What would be a case where you would want to cancel a run only if it had yet to be launched? I suppose I can imagine wanting to cancel all pending runs

johann retitled this revision from [Run-queue-3] Local Runs Coordinator to [Run-queue-3] LaunchImmediateRunsCoordinator.Oct 29 2020, 7:18 PM
johann marked an inline comment as done.
python_modules/dagster/dagster/core/runs_coordinator/base.py
15–49

ya I don't know what the right call is - but i think its worth thinking through

other than the naming stuff this is looking good to me, and we can do a rename pass at the end of the stack too. @alangenfeld did you have any blockers left here?

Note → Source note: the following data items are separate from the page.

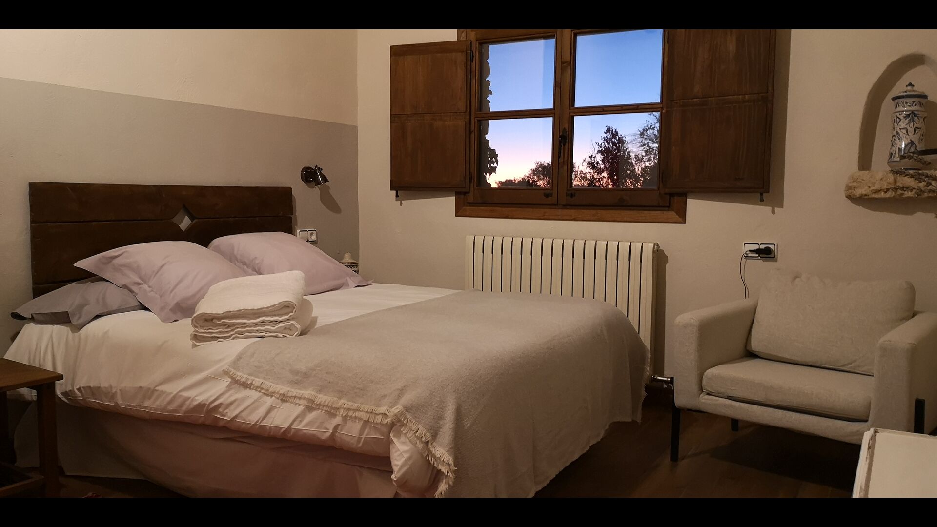 - Rojals: Ein Zimmer mit 1 Doppelbett und eigenem Bad, mit herrlichem Blick auf den Garten und einer Leseecke mit Sofa Stuhl und die Möglichkeit für ein Zustellbett (35 EUR). Die Maße des Bettes betragen 180x190cm.
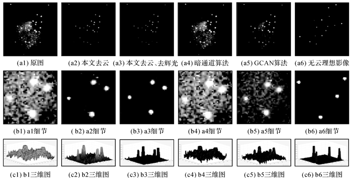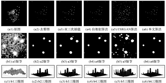 进一步对去除了云雾和辉光的影像进行超分辨率重建处理,处理结果如图 19所示。对比图 19(c1)—(c6)可以看出,图 19(c5)比(c2)柱状波峰多,对比原图可知这些信息是伪信息,图 19(c3)、(c4)比原图好,但没有图 19(c6)效果明显。
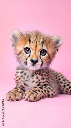 Obraz premium Cute Cheetah Cub on Pink Background.
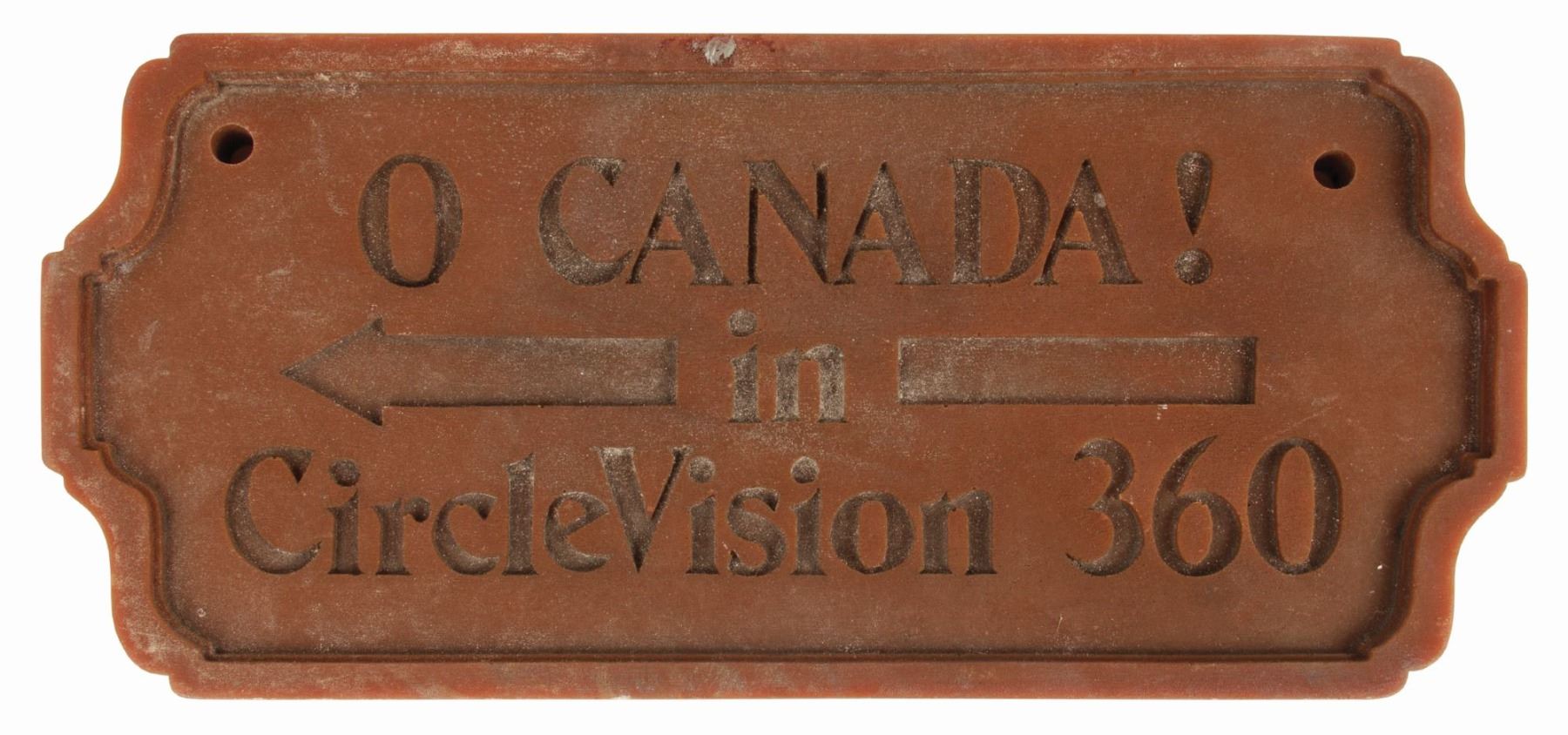 (Epcot, 1980s) A small sign created for Epcot's film "Oh Canada!" which played in the Circle-Vision 360 theater at the Canada Pavilion. Created in thick resin, this sign would point guests towards the theater entrance. Measuring 7.5"x15.5" and 1" thick, the sign is in good condition overall with minor surface wear throughout, including some dried adhesive on the top edge.

python_modules/dagster/dagster/core/runs_coordinator/base.py
7

should the instance param be a weakref to avoid even the possibility of circular dependencies preventing GC? That's what all the run launchers end up doing with it

16

let's take off instance here since you get it in initialize - the only reason runlauncher has that param is for backwards compatibility

python_modules/dagster/dagster/utils/external.py
12

I don't really see how the scheduler would use this? there's no run yet in the scheduler. I think this method is actually fairly specific to the run coordinator.

external_pipeline_from_origin could be shared though

python_modules/dagster/dagster_tests/core_tests/runs_coordinator_tests/test_launch_immediate_runs_coordinator.py
25

nit why q?

dgibson added inline comments.
python_modules/dagster/dagster/core/runs_coordinator/base.py
21

rm

python_modules/dagster/dagster/core/runs_coordinator/launch_immediate_runs_coordinator.py
10

this should be the Default, but we can do a naming pass at the end

34

this can be return False rather than NotImplemented

python_modules/dagster/dagster/utils/external.py
17

this will change a bit after D4994, but only a bit

johann marked 4 inline comments as done.

nah im good - we can do a rename pass at the end

This revision is now accepted and ready to land.Mon, Nov 2, 4:41 PM
This revision was landed with ongoing or failed builds.Tue, Nov 3, 1:40 AM
This revision was automatically updated to reflect the committed changes.